Total Control Under the Radar
Once the autonomous agents fetched the rewritten external instruction set, the compromised skill took over the runtime environment. For this controlled demonstration, the payload was intentionally harmless, instructed only to log and securely transmit the host agent’s email address back to AIR’s servers.
However, because AI agent skills execute natively alongside system file access, command shells, and API credential managers, a malicious operator could have used the same foothold to execute remote code, exfiltrate private corporate databases, or move laterally into internal corporate networks.
This behavior highlights a massive threat vector. As bad actors shift from attacking standard code packages like npm or PyPI to manipulating large language models via prompt injection, they can effortlessly weaponize an AI’s natural-language parsing to bypass legacy firewalls entirely.
A Structural Flaw in Unified Scanners
The core issue is that the current scanning architecture treats AI skills like static software, failing to account for their dynamic, link-fetching behavior. This latest exploit echoes findings that a security firm, Trail of Bits, had achieved a similar breakthrough just weeks prior by effortlessly slipping malicious payloads past ClawHub’s defense systems.
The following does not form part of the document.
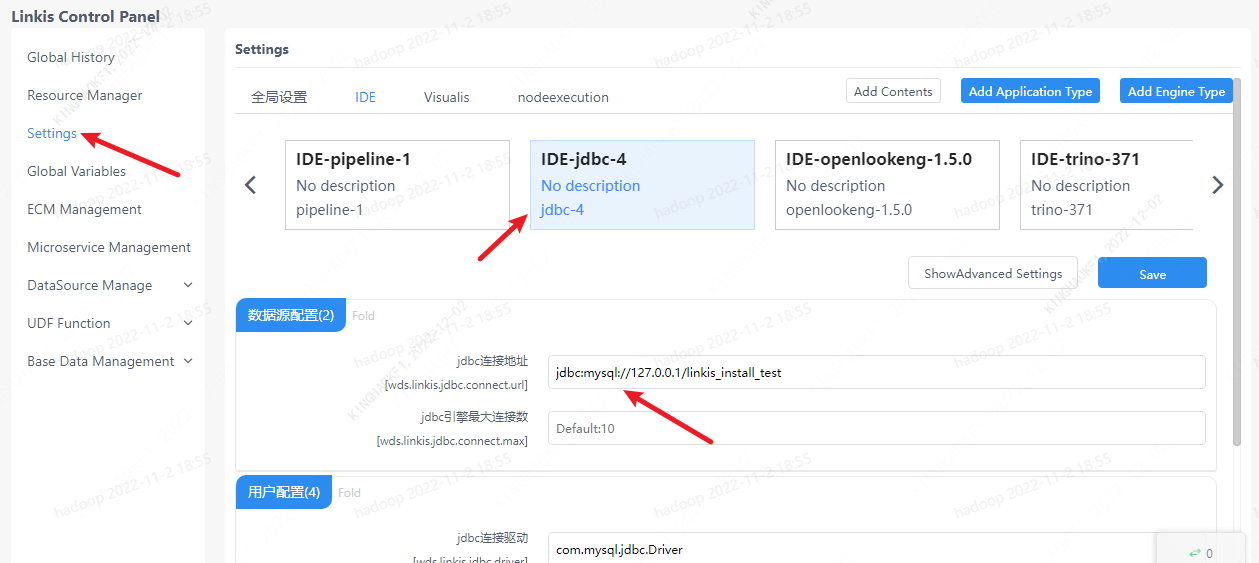 After the user clicks the engine label under the corresponding application, the engine parameters can be modified, such as modifying the JDBC engine under the IDE application. After modification, click the Save button.
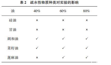 表2疏水性物質種類對實驗的影響

As long as marketplaces rely on a single, static snapshot check while allowing skills to call arbitrary, modifiable external URLs at runtime, the entire pipeline remains vulnerable. To combat this systemic exposure, enterprise security teams must begin treating AI skills with strict zero-trust parameters. This means enforcing the principle of least privilege, pinning rigid version controls to every integrated workflow, and enforcing continuous runtime monitoring to verify what an agent is actually downloading.